Díaz-Canel : le dialogue avec Washington est " au point mort
- Díaz-Canel a déclaré dans une interview au quotidien brésilien Folha de S.Paulo que le dialogue avec Washington est " au point mort ", sans agenda défini malgré des contacts
Le président cubain Miguel Díaz-Canel a admis publiquement que les pourparlers entre La Havane et Washington sont " au point mort ". Dans une interview accordée au quotidien brésilien Folha de S.Paulo, il a reconnu que malgré une " volonté de dialoguer " et des contacts maintenus entre les deux gouvernements, " aucune avancée n'a encore été possible " et qu'il n'existe toujours " aucun agenda défini ".
L'oppression invoquée comme obstacle de principe
Pour expliquer ce blocage, Díaz-Canel a posé une condition sans détour : " Sous l'oppression, il ne peut y avoir de dialogue. " Le chef de l'État n'a pas précisé à quelles mesures spécifiques cette formule renvoyait.

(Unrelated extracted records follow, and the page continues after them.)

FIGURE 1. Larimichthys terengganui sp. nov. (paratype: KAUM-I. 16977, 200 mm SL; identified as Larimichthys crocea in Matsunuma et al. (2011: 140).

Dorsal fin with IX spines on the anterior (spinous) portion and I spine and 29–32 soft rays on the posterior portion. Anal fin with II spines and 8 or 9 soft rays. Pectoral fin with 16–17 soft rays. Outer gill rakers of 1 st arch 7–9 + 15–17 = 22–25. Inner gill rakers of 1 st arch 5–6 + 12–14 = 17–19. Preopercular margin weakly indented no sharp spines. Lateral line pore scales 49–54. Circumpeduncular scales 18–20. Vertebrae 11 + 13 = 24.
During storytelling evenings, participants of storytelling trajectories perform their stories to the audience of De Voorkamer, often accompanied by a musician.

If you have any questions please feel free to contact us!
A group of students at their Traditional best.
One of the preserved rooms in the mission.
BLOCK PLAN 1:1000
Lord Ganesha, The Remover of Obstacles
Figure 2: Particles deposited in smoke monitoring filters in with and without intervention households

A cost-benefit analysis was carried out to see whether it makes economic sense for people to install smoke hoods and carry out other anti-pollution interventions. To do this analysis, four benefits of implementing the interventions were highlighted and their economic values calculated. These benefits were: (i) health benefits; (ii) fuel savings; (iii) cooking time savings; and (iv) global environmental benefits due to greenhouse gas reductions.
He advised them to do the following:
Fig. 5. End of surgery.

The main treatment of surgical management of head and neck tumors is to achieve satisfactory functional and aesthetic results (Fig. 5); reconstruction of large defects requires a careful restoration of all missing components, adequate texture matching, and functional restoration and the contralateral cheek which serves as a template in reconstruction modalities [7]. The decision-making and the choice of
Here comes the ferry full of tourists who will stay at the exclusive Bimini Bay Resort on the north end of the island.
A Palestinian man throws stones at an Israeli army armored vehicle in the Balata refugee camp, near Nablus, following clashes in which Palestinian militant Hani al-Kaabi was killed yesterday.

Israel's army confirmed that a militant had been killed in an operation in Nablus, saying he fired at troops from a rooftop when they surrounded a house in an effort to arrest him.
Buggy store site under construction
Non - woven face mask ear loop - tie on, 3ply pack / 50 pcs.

Sa déclaration intervient alors que Washington poursuit une politique d'étranglement économique de l'île, renforçant les tensions entre les deux capitales.
Un effondrement économique démenti
En marge de la question diplomatique, Díaz-Canel a catégoriquement nié que Cuba soit " au bord du gouffre ", réfutant ainsi les analyses qui font état d'une crise systémique sur l'île. La nature exacte des contacts préalables entre les deux gouvernements, de même que les conditions précises posées de part et d'autre, n'ont pas été rendues publiques. L'absence d'agenda commun souligne la profondeur d'une impasse dont l'issue demeure, à ce stade, indéterminée.